Work request: Skip the pictures. Output only the lines below starting at the line with "坚持以立德树人为教育根本任务" and ending at the line with "Con nueva directora", both ends included, exactly as they are.

*** Opening Records to process ***

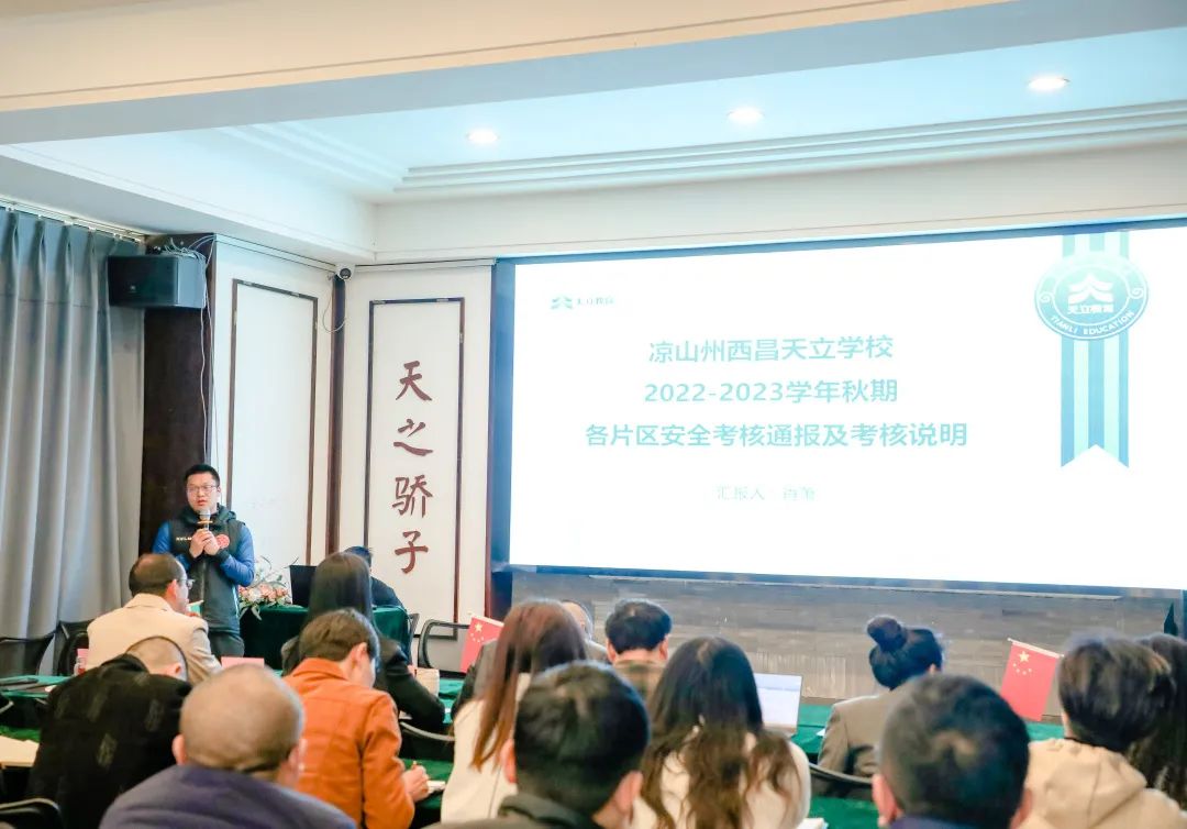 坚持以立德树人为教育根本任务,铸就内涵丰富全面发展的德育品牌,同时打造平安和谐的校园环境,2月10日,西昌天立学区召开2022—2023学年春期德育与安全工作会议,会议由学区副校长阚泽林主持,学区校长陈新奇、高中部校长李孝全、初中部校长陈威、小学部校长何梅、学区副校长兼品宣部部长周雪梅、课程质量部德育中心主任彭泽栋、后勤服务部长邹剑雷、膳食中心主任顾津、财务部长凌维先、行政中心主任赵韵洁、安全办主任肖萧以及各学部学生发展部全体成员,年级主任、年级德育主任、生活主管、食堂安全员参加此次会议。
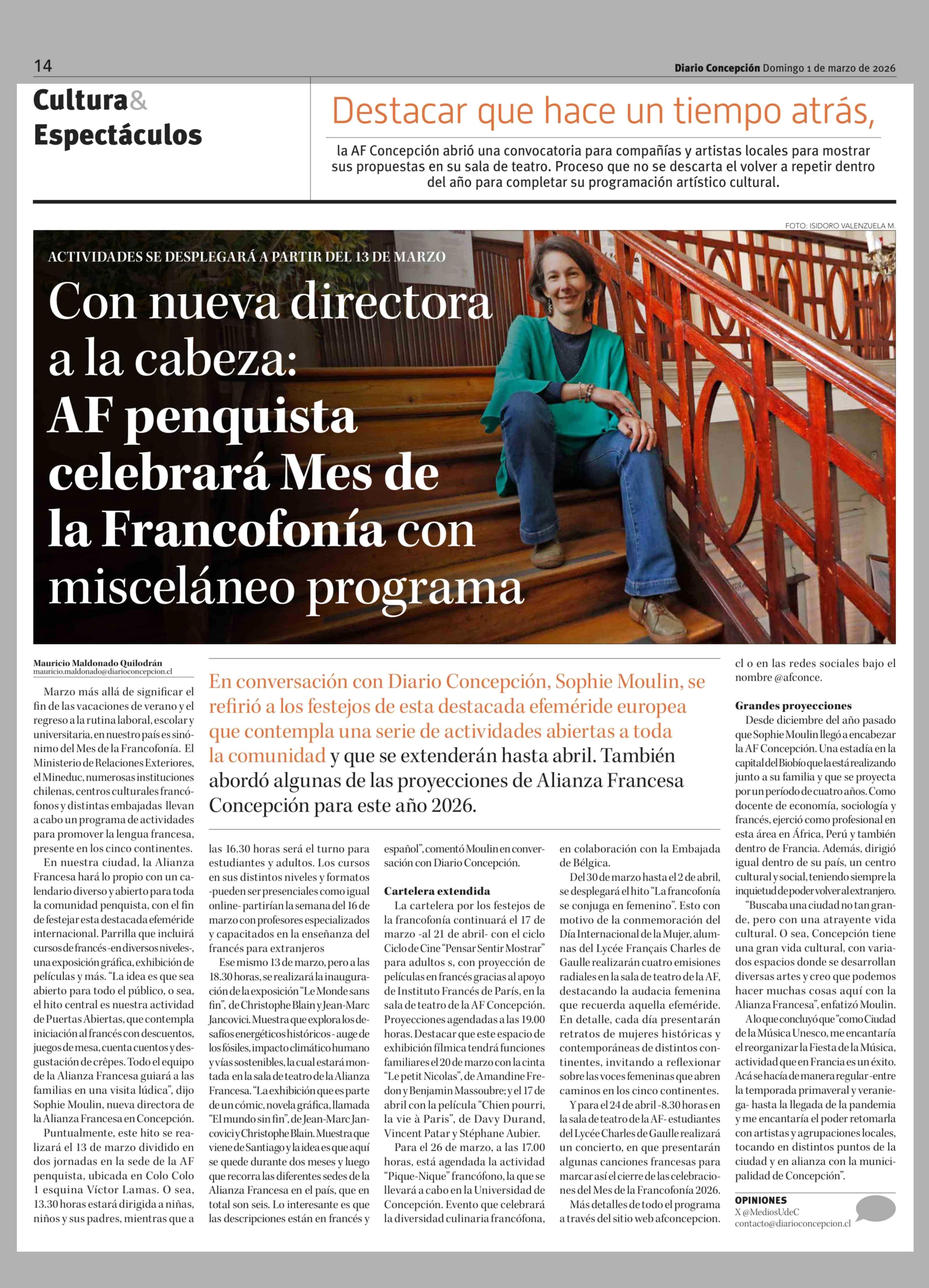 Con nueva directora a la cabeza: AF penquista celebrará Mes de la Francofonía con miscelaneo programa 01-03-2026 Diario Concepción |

*** Closing Records to process ***
*** Opening Records to process ***

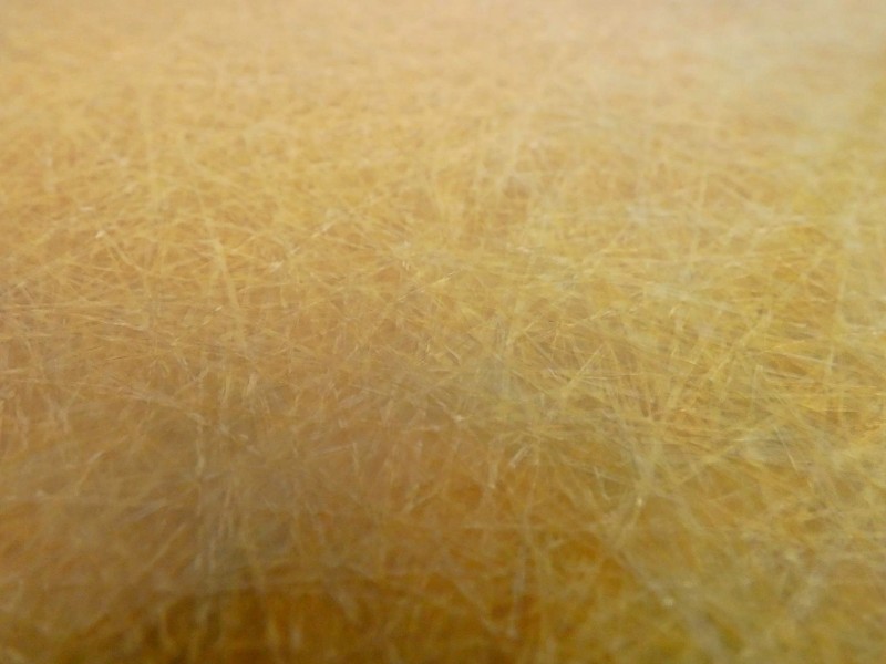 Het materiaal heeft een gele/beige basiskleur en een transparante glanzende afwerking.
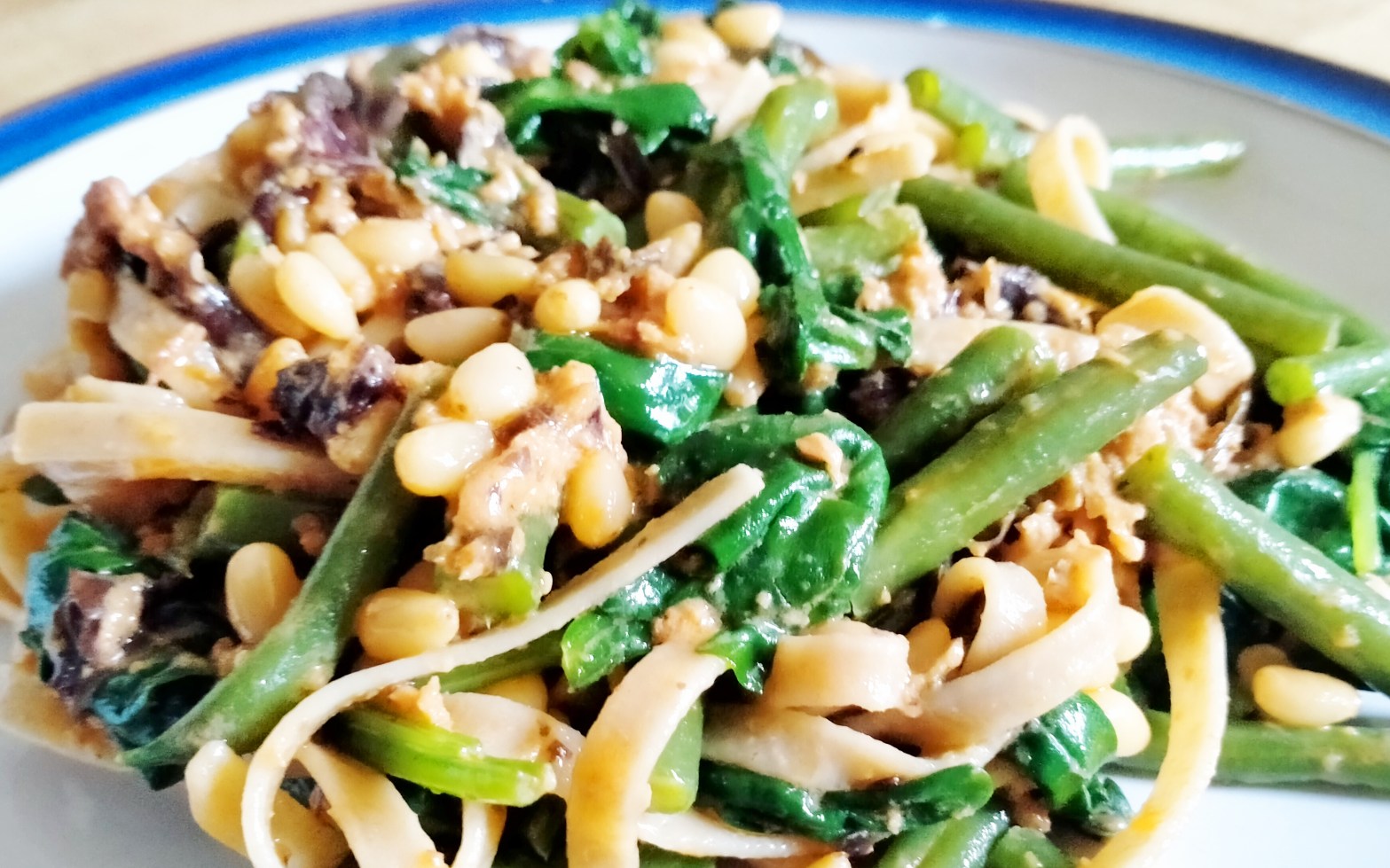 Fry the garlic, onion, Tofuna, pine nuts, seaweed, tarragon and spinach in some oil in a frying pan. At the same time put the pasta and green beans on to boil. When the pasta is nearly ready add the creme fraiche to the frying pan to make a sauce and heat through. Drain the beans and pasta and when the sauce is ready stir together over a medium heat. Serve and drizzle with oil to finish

*** Closing Records to process ***

Final answer:
 坚持以立德树人为教育根本任务,铸就内涵丰富全面发展的德育品牌,同时打造平安和谐的校园环境,2月10日,西昌天立学区召开2022—2023学年春期德育与安全工作会议,会议由学区副校长阚泽林主持,学区校长陈新奇、高中部校长李孝全、初中部校长陈威、小学部校长何梅、学区副校长兼品宣部部长周雪梅、课程质量部德育中心主任彭泽栋、后勤服务部长邹剑雷、膳食中心主任顾津、财务部长凌维先、行政中心主任赵韵洁、安全办主任肖萧以及各学部学生发展部全体成员,年级主任、年级德育主任、生活主管、食堂安全员参加此次会议。
 Con nueva directora a la cabeza: AF penquista celebrará Mes de la Francofonía con miscelaneo programa 01-03-2026 Diario Concepción |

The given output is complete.